### The data
※ ※ ※

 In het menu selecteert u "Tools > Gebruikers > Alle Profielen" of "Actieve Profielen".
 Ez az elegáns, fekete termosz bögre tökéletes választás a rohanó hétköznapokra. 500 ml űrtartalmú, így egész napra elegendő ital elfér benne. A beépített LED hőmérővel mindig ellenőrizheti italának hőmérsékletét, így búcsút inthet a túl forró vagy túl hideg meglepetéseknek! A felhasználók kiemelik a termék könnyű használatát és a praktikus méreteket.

※ ※ ※

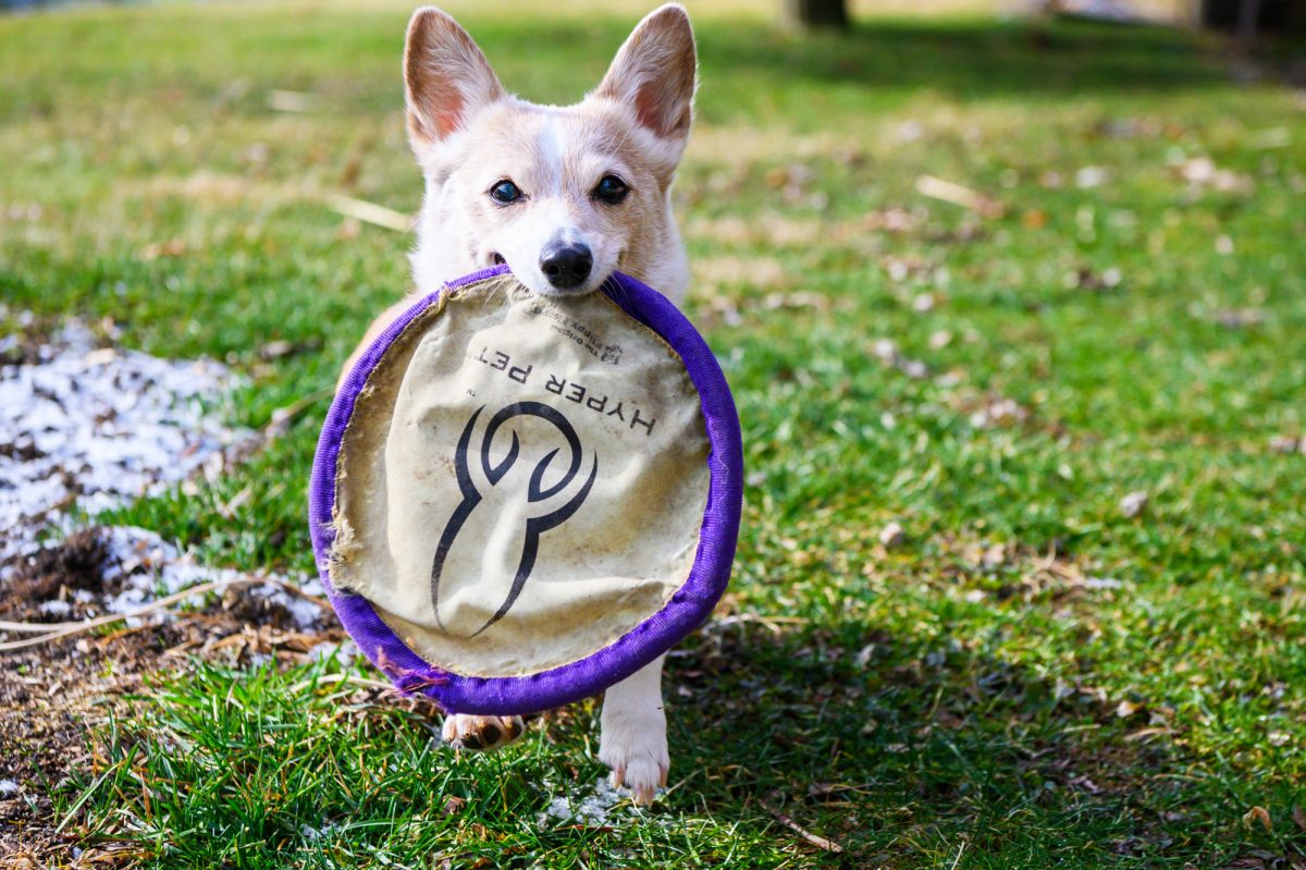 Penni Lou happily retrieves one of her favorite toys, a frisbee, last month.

※ ※ ※

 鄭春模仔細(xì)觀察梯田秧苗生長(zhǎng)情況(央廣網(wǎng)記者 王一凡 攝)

※ ※ ※

### Your instructions
In the entries above, find the line holding "In het menu" and the line holding "Ez az elegáns, fekete", then retype exactly those two lines and every line between them, and nothing else.

### Exercise result
 In het menu selecteert u "Tools > Gebruikers > Alle Profielen" of "Actieve Profielen".
 Ez az elegáns, fekete termosz bögre tökéletes választás a rohanó hétköznapokra. 500 ml űrtartalmú, így egész napra elegendő ital elfér benne. A beépített LED hőmérővel mindig ellenőrizheti italának hőmérsékletét, így búcsút inthet a túl forró vagy túl hideg meglepetéseknek! A felhasználók kiemelik a termék könnyű használatát és a praktikus méreteket.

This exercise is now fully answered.